Progress on Respiratory Syncytial Virus Vaccine Development and Evaluation Methods

Abstract

Respiratory syncytial virus (RSV) remains a significant global health threat, especially to infants, the elderly, and immunocompromised individuals. This review comprehensively explores the progress in RSV vaccine development, the immune evaluation methods, and immunological surrogate. The RSV fusion (F) protein, a primary target for vaccine development, has been engineered in prefusion conformation to elicit potent neutralizing antibodies, while the attachment (G) glycoprotein and other immunogens are also being explored to broaden immune responses. Advances in diverse vaccine platforms, ranging from live attenuated and protein subunit vaccines to cutting-edge mRNA- and nanoparticle-based formulations, highlight the field's progress, yet challenges in balancing safety, immunogenicity, and durability persist.

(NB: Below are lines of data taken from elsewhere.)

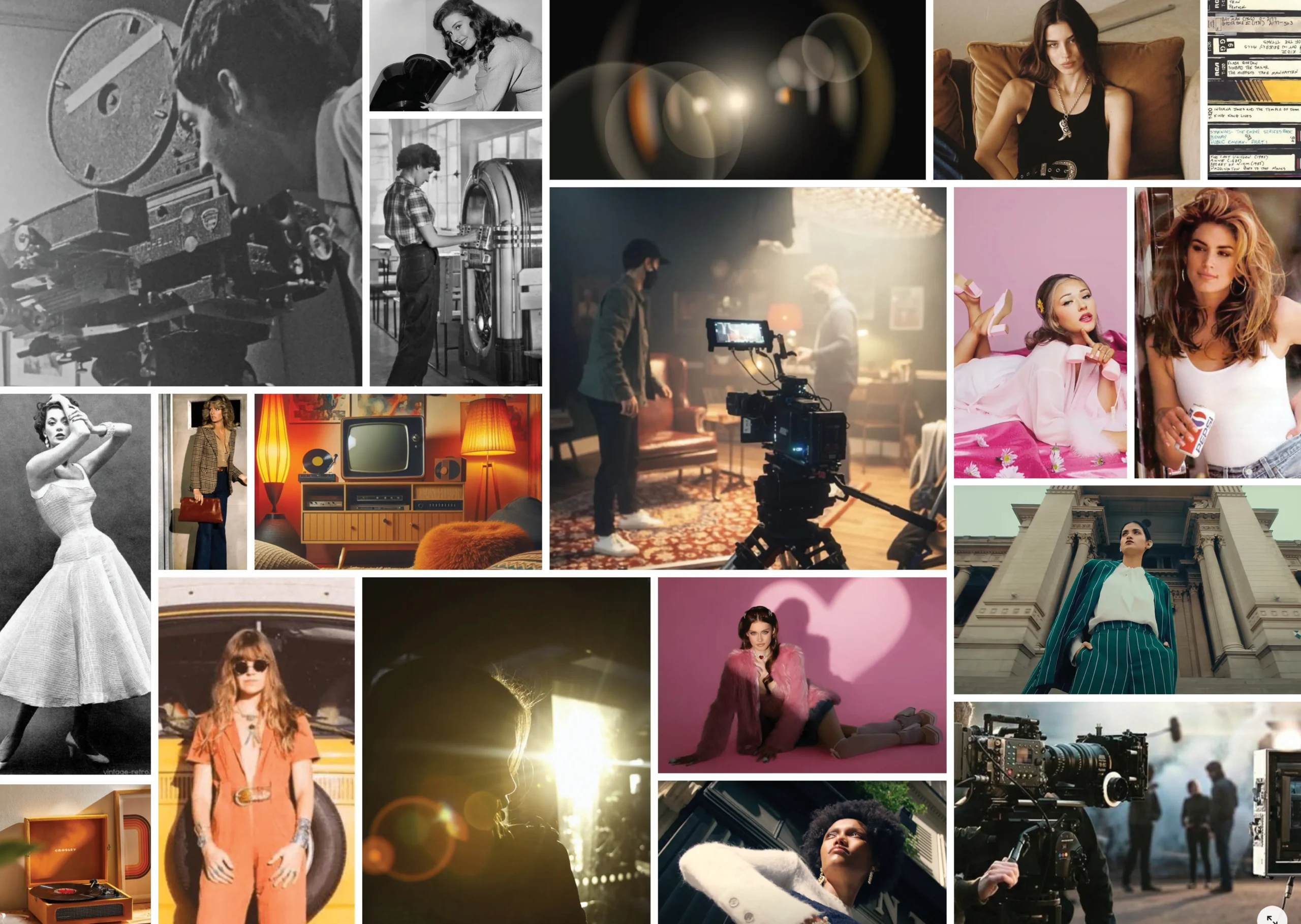 La moodboard raccoglie i riferimenti visivi e stilistici che hanno guidato la costruzione dello spot. Ogni decennio è tradotto attraverso palette cromatiche, texture e atmosfere che evocano il linguaggio dell’epoca: dal bianco e nero elegante degli anni Sessanta ai toni vibranti e sperimentali degli anni Ottanta e Novanta, fino alla precisione nitida e contemporanea della resa digitale. Un percorso che riflette l’evoluzione dell’immagine e prepara il terreno alla potenza visiva della nuova ARRI Alexa 35 Base
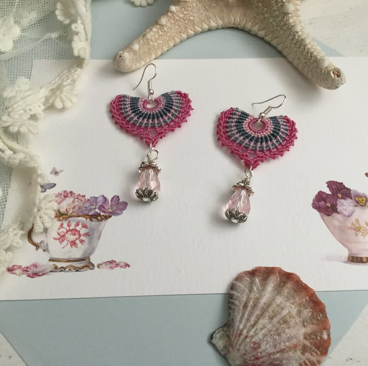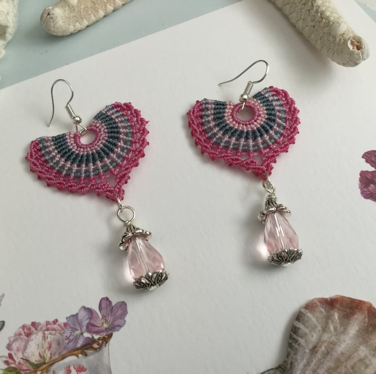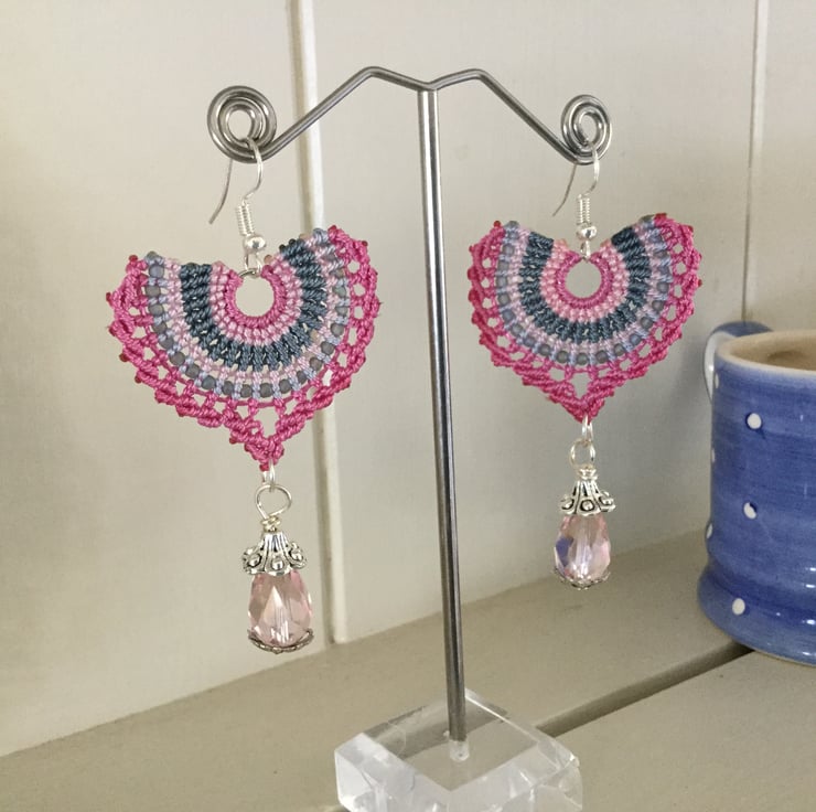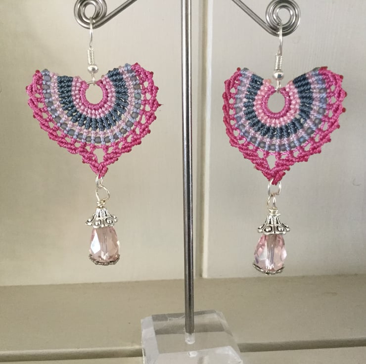 I have created these earrings using the delicate art of macrame using very strong C Lon thread in shades of pink grey and blue, giving a fan effect. Also incorporated in the design I have threaded tiny glass seed beads and finished the design with a pretty pink crystal glass beads.
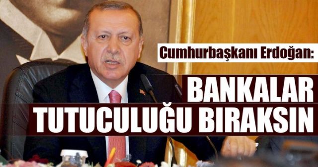 Cumhurbaşkanı Recep Tayyip Erdoğan, Kazakistan dönüşünde uçakta medya temsilcilerinin sorularını cevapladı. Bankaların kredideki tutuculuğunu aşacaklarını belirten Erdoğan, "Devlet bankaları başta olmak üzere üzerine gideceğiz. Yatırımcımızın krediye rahat erişebilmesi lazım. Böyle yüzde 15-16'lara varan faizlerle olmaz. Aşağı çekilmeli. Bu konuda sinyallerimizi verdik. Sayın Başbakanımız'la beraber ilgili bankaları konuşacağız. Diyeceğiz ki, 'Bunu aşağı çekeceksiniz, ona göre biz sürümden kazanacağız. Yatırımcıyı köşeye sıkıştırarak değil" dedi.
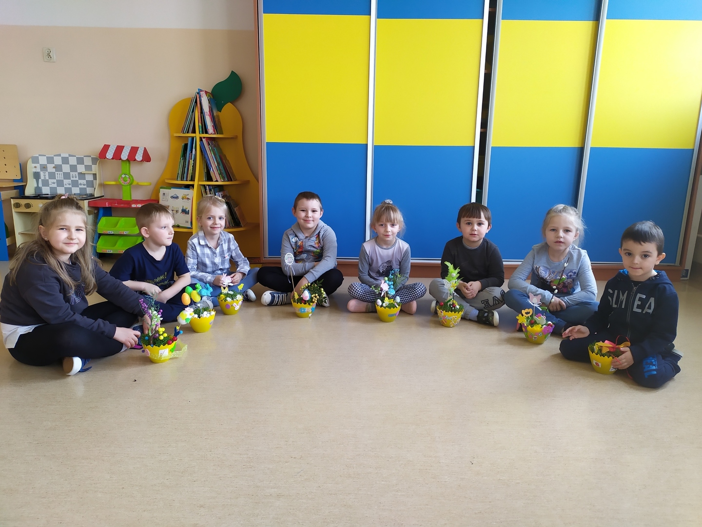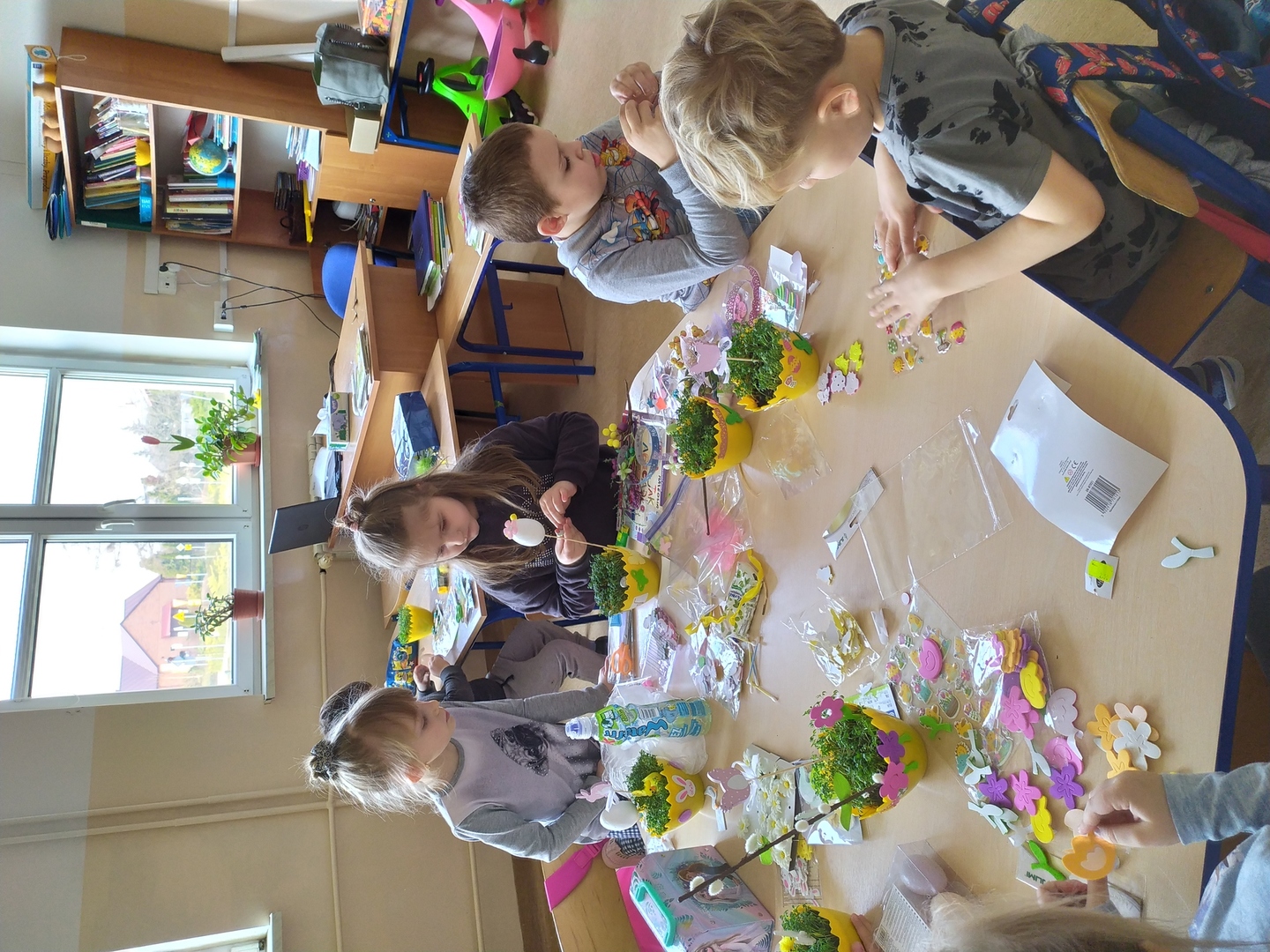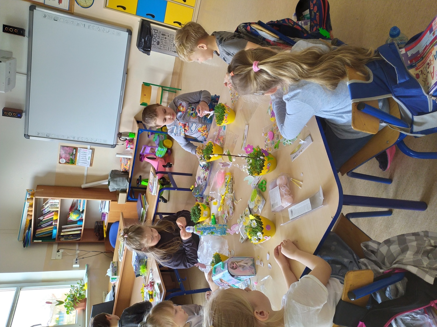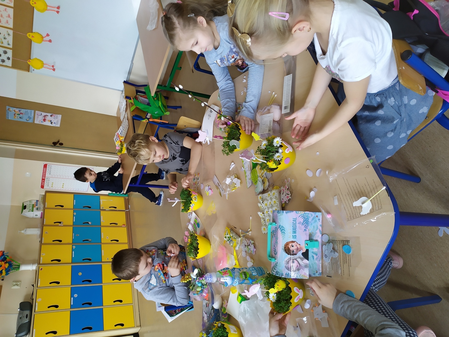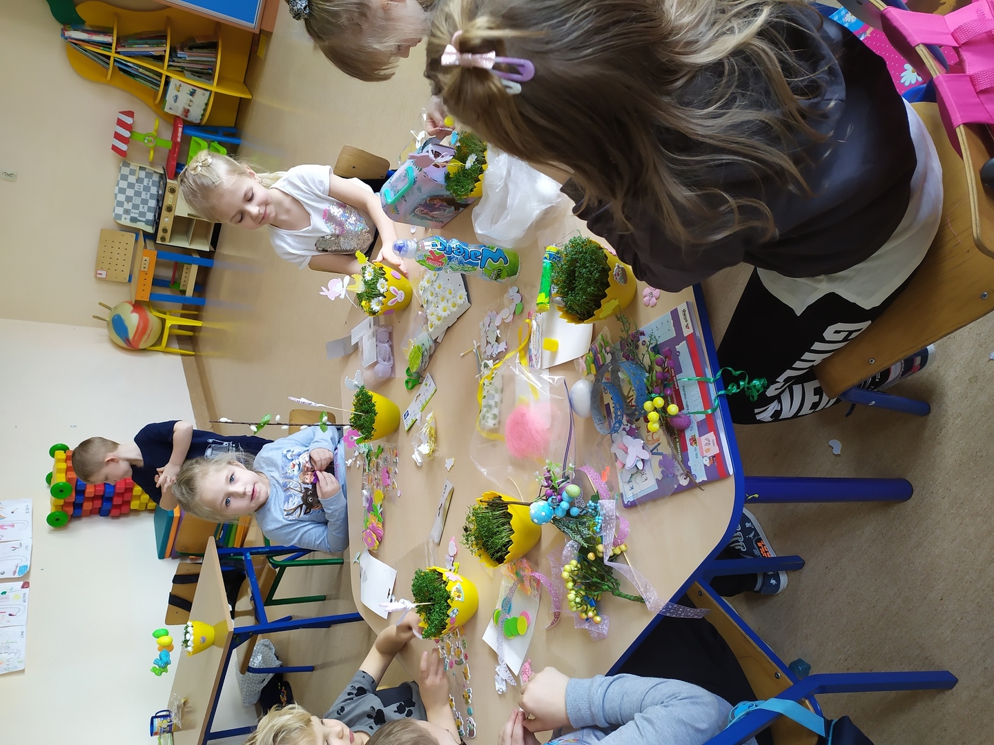 W oczekiwaniu na święta wielkanocne przedszkolaki w doniczki wysiewaly rzeżuchę, a w tygodniu poprzedzającym święta robiły z rzeżuchy stroiki świąteczne.
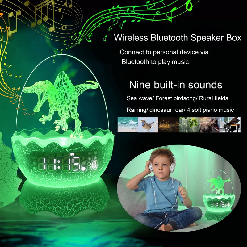 HYODREAM Dinosaur Egg Digital Clock | Alarm Clock with Night Light | Lullaby Sound Machine |Bluetooth Speaker, Cool Dinosaur Decor Lamp & Unique Gift for Kids/Boys/Girls
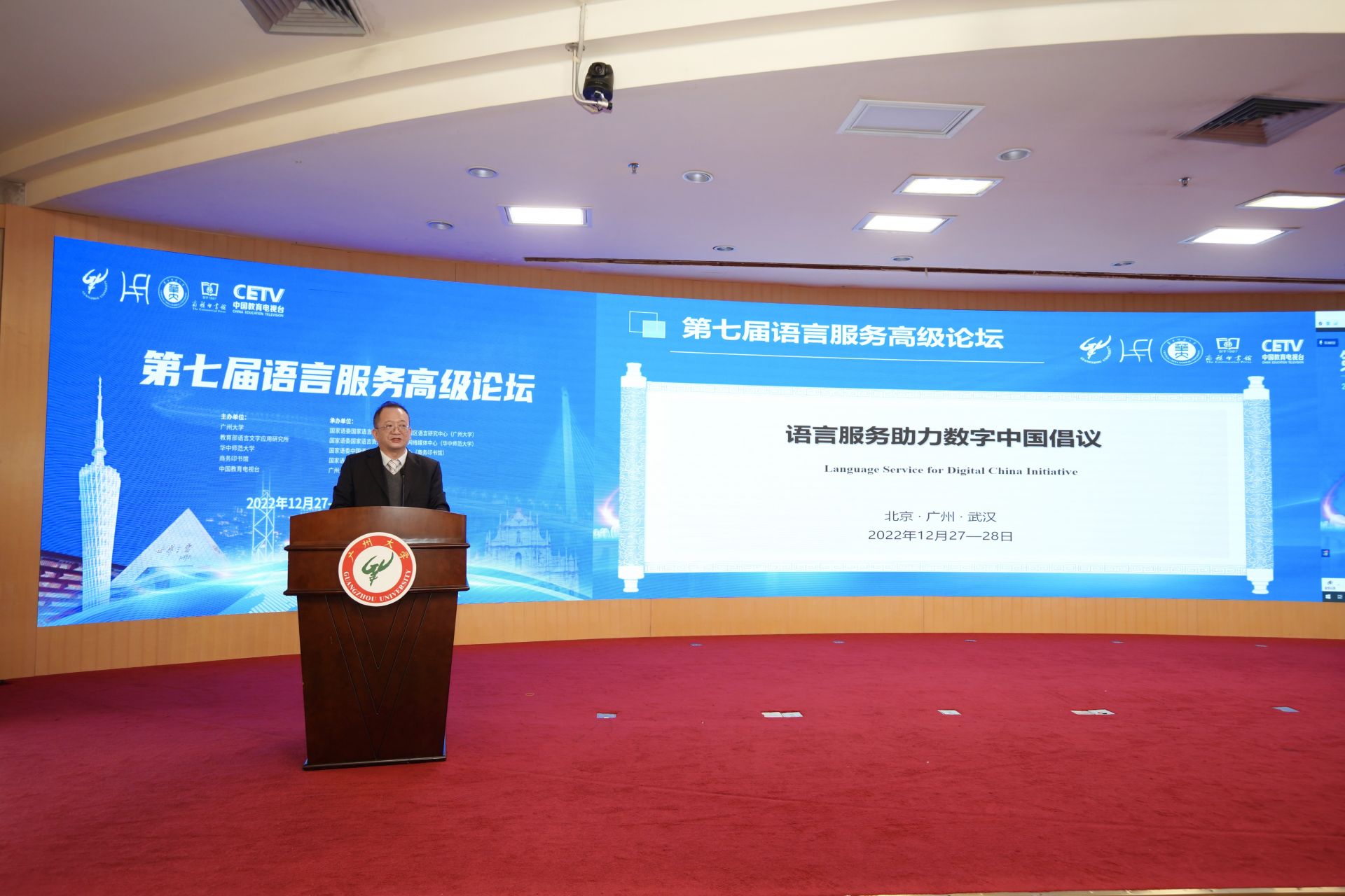12月27日至28日,第七届语言服务高级论坛在北京、广州、武汉三地联合举办。闭幕式上,教育部语言文字信息管理司、广东省教育厅指导的国家语委国家语言服务与粤港澳大湾区语言研究中心和大湾区有关学术机构、企事业单位联合发起成立“粤港澳大湾区语言生活与语言服务建设联盟”。与会语言文字工作者就语言服务助力数字中国建设形成共识。
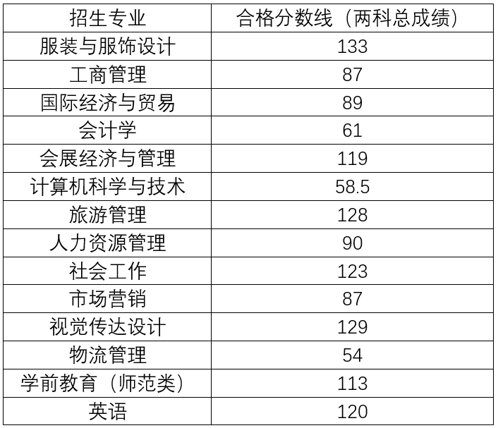 二、各专业合格分数线
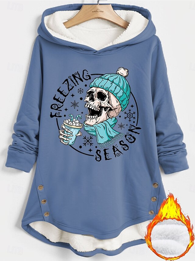 This Women's Pullover Hoodie Sweatshirt Graphic Skull Letter cozy Casual Long Sleeve Hooded Long Tops Street Dailywear Casual Buttons Print Black Pink Blue Gray Fall Winter combines elegant design with practical functionality. Every detail has been carefully considered to ensure you get the best possible experience. The top-grade construction means this product will serve you well for years to come.
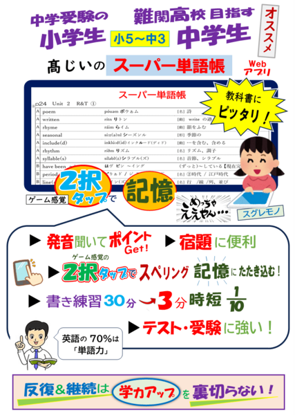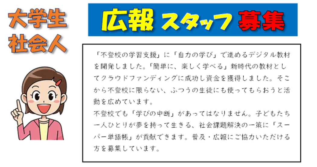 - 「スーパー単語帳」(小5~中3用)の普及に、協力いただける方を募集
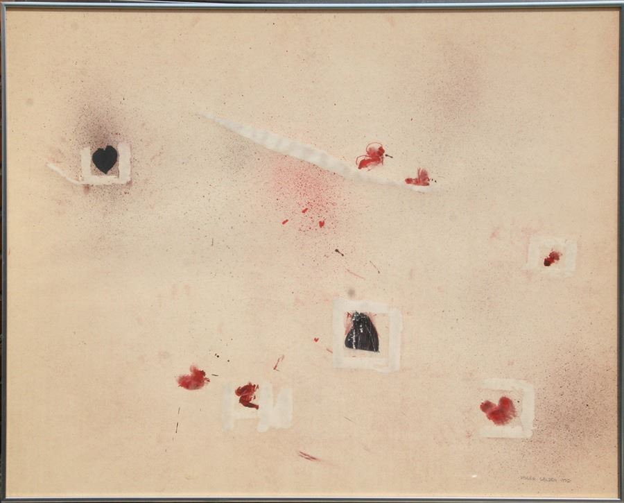 Roger Selden, Red Hearts, Ink and Acrylic Painting
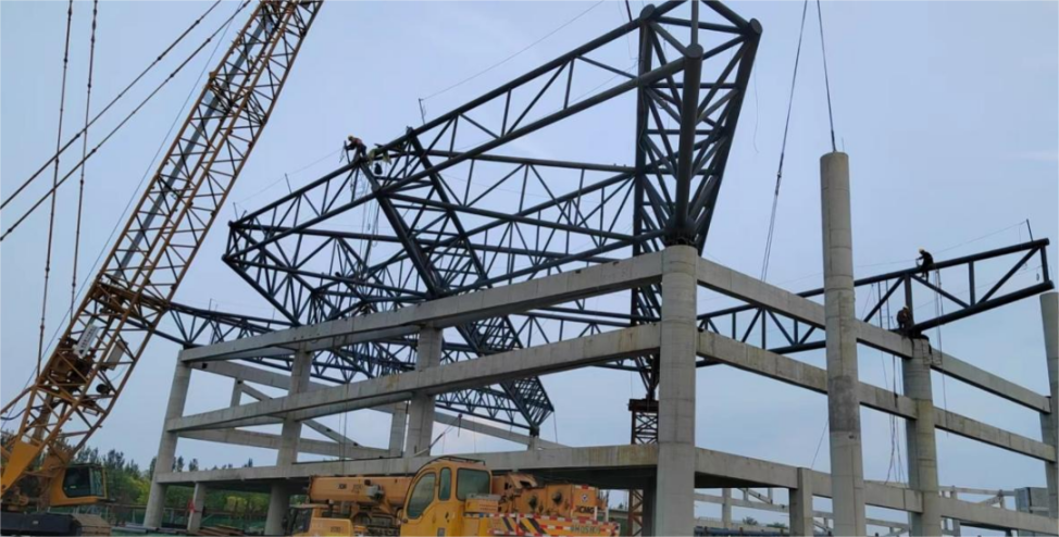 近日,随着一声“起吊”令下,由杭萧钢构战略合作参股公司——山东滨博杭萧绿色建筑科技有限公司(以下简称山东滨博杭萧)参建的博兴县国际会展中心项目最后一榀主桁架缓缓升起并平稳落到主体基础上,主桁架吊装圆满成功!
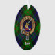 Crachá da crista Clan Gunn rodeado por uma correia e fivela sobre fundo tartano. Texto personalizado de ambos os lados.
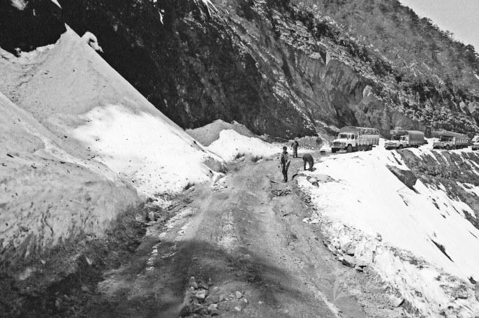 也就是在這一年,我們幾經(jīng)周折,終于聯(lián)系到了遠在北京的翟新莉女士。當年修筑二郞山公路時,翟女士的父親翟壽亭時任162團政委,既是指揮者,也是親歷者。聽過自我介紹,素未謀面、素昧平生的翟女士爽快答應,積極支持,不僅寄來《從豫皖蘇到康藏高原》一書,還發(fā)來了父親留下的一組珍貴照片。照片上,齊腰深的大雪讓人不寒而栗,四面透風的工棚使人倍感覺艱辛。心懷敬仰的閱讀中,一座座大山撲面而來,二郞山、折多山、雀兒山上,戰(zhàn)天斗地的故事驚天地泣鬼神。

Central to these efforts is the identification and validation of immunological surrogates, which may serve as critical benchmarks for vaccine efficacy. Neutralizing antibody titers, multifunctional T cell responses, and B cell memory have emerged as key correlates of protection. However, the feasibility of these surrogates depends on their ability to predict clinical outcomes across diverse populations and settings. While neutralizing antibodies block the virus directly, T cell responses are essential for clearing infected cells and preventing severe disease, and B cell memory ensures long-term immunity. Integrating these immunological markers into a cohesive framework requires standardized assays, robust clinical validation, and an in-depth understanding of RSV-induced immune response.

Keywords: immunological surrogates; respiratory syncytial virus; vaccine evaluation; vaccines.

Figure 1

Schematic structure and genome of RSV. (A) The virion consists of envelope, matrix and nucleocapsid. The viral envelope is a lipid bilayer containing the fusion (F) and attachment (G) proteins, embedded with small hydrophobic (SH) protein. Beneath the envelope is the matrix protein (M). Inside the envelope, a helical nucleocapsid encapsulates the viral RNA genome, formed by the nucleoprotein (N) and associated with the phosphoprotein (P) and large RNA polymerase (L). (B) The viral genome contains genes encoding 11 proteins: the above-mentioned structural proteins F, G, SH, M, N, P and L proteins, and non-structural protein (NS1, NS2) and second matrix protein (M2-1, M2-2).

Figure 2

Schematic illustration of RSV life cycle. The lifecycle of RSV initiates with attachment and entry into host cells, mediated by the viral glycoproteins. The G protein engages specific host cell receptors, such as heparan sulphate proteoglycan (HSPG) or CX3CR1, facilitating viral docking. Subsequently, the F protein binds to nucleolin and orchestrates membrane fusion, enabling the release of the ribonucleoprotein (RNP) complex into the cytoplasm, where viral replication and transcription are catalyzed by the RNA-dependent RNA polymerase. Following replication, viral components are transported to the cell membrane, where they assemble into progeny virions. These mature particles, enveloped by a host-derived lipid bilayer, eventually egress from the cell surface.

Figure 3

Antigenic sites on the pre-F (left) and post-F (right) structures of the RSV trimeric F protein, along with the neutralizing capabilities. The surface representation of the protein colored in gray was generated from the Protein Data Bank (PDB) code 4JHW (pre-F) and PDB code 3RKI (post-F), and the antigenic sites labelled with site Ø in red, site V in orange, site III in cyan, site IV in blue, site II in green, and site I in magenta are highlighted on the surface.

Figure 4

Aspects of vaccine-induced immune response and key technologies applied for vaccine immunological evaluation. Immunogenicity evaluation mainly includes evaluation of humoral, mainly neutralizing, antibodies, and cellular immunity, including the T cell response and B cell evaluation. Neutralizing antibodies (NAbs) are the most important indicator of immunogenicity, and different standardized and high-throughput technologies for NAb measurement have been utilized. T cell responses are usually measured by the quantification of antigen-specific T cells and the presence of different phenotypes of T cells. Memory B cell evaluation is mainly based on single-cell VDJ sequencing. BCR diversity and CDR3 quantification may indicate humoral immune reserve for immunogens, which may set criteria for screening immunogenic candidates.